|Visit Will Be a Show-Stopper across the World, Says Patten
By Kate Devlin
September 15, 2010
The Pope's visit will feature "schedule-stopping" images that will be beamed across the world, the peer organising the trip has predicted.
Among the lasting pictures from the state visit would be that of the historic meeting between the Pontiff and the Queen in Edinburgh, Lord Patten said.
The Tory politician also brushed aside criticisms of poor organisation and a lack of public interest in the trip.
There have been concerns about the low take-up of tickets for events including the open air Mass in Bellahouston Park in Glasgow tomorrow, where capacity has been cut to 80,000.
However, church insiders believe negative publicity in the run-up to Pope Benedict XVI's visit, including calls for protests against the church's record on sexual abuse, will be turned around once he arrives here.
They claim a similar pattern was seen when the Pope visited America two years ago.
Lord Patten, the former Tory minister and last Governor of Hong Kong, said the best answer to the critics of the visit would be thousands of people who turn out to see the Pope.
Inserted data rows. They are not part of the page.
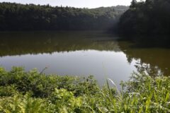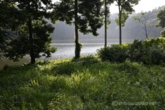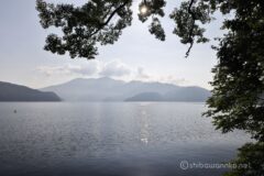 うす暗い林間コースを抜けると、野尻湖の東端に到達。ダウンヒルすると湖畔まで下りられる。湖と山の景色が広がり、ここからの景色もなかなかいい。右には妙高、左には黒姫山。残念だけどもう雲が盛大にかかっちゃってるね。今日鹿島槍ヶ岳に登っていたら、夜明け山頂計画でギリギリ間に合っただろうか。
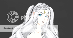 Amala in her human form is a rather ethereal looking creature with long white wavy hair far past her hips and shining blue eyes that remind of the ocean. She wears her hair mainly down with a braid of it acting like a head band and two wispy strands pulled up into bouncy ponytails. Her skin is rather pale and seems to almost glow like the moon. She wears no make up but always looks as flawless as a porcelain doll. She always wears wispy, semi transparent fabrics that seem to float around her curvacious form in pale colors such as silver. She always wears a long scar around her shoulders that appears to never tear or dirty for reasons unknown and dresses rather elegantly. Still, even with her beauty the only thing that suggests her lack of humanity would be the single golden gem in the middle of her forehead that is the dormant form of her horn.
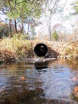 Outlets to river. Inlet appears perched about 1'. Kink inside under the road. Debris blocked measurements. Appears to be manmade plunge pool at outlet,
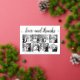 Modern script typography Wedding Thank You eight photo collage gold foil card with the text "Love and Thanks". On tha back there is a gold and white pattern with swirls and your photo.
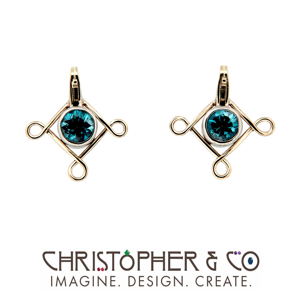 Two 14 karat yellow and white gold elements designed and handcrafted by Christopher M. Jupp. These elements are set with one pair of Cambodian blue zircon with a total weight of 2.01 carats.
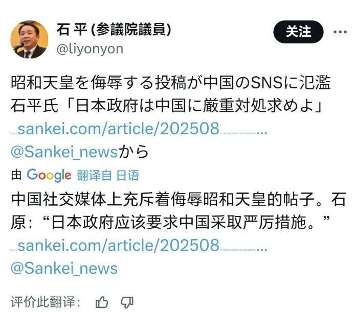 本年的2月份,石平被日本右翼政党“维新会”看中,试图将之拉入政坛,加以运用。但搞笑的是,因为“维新会”这个政党的旌旗主如果日本的民粹主见、排外心思,这就导致石平这个东谈主刚出面,就遭到大范围攻击、玷污,以为他哪怕入籍了也不是日本东谈主,以致条件其回中国。直到本年7月20日,在“维新会”的挑升操作之下,石平才终于当上了日本盘问员。之后,石平变本加厉的抹黑、非难中国。本年8月,中国网民用ai作念了一些日本二战时间裕仁天皇给麦克阿瑟“当狗”的视频,日本网民一开动没啥反映。“五星天皇”在日本干的什么事情,日本东谈主我方心里了了。截至石平开动急上眉梢,在多家日媒束缚发表著作,训斥中国网民“反日”。

He was backed by Archbishop Vincent Nichols, the leader of Catholics in England and Wales, who said that the faithful would show a profound loyalty towards Pope Benedict XVI, who will be making his first state visit to Britain.
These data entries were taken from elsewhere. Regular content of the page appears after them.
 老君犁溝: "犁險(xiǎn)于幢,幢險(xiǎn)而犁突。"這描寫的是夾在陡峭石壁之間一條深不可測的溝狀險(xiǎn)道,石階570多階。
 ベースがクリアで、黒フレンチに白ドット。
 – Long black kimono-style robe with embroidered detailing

Archbishop Nichols said: "I am quite sure, and it is my experience in parish after parish, standing at the back of Westminster Cathedral day after day, that Catholics are looking forward to this visit very much indeed."
As well as the British public, Lord Patten predicted that the eyes of the world would be on the UK during the visit.
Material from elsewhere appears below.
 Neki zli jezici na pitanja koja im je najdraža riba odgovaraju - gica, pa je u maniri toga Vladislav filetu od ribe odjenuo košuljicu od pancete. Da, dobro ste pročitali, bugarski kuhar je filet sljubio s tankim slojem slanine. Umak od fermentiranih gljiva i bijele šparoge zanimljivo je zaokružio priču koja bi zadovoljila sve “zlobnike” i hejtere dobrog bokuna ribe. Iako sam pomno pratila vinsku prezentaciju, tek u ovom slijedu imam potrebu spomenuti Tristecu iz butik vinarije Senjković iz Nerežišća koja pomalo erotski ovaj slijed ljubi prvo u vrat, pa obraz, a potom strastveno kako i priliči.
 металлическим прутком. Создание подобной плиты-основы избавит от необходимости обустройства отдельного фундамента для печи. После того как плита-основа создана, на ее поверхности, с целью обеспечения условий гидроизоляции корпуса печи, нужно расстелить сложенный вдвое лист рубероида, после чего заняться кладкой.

He picked out iconic images such as the historic meeting in Edinburgh and the journey by the Popemobile to Hyde Park in London as pictures that would be broadcast internationally.
"I think it will be a schedule-stopper right around the world as far as news editors are concerned," he said.
He also brushed aside concerns over a planned protest by the Rev Ian Paisley in Edinburgh tomorrow, saying simply that "some things don't change".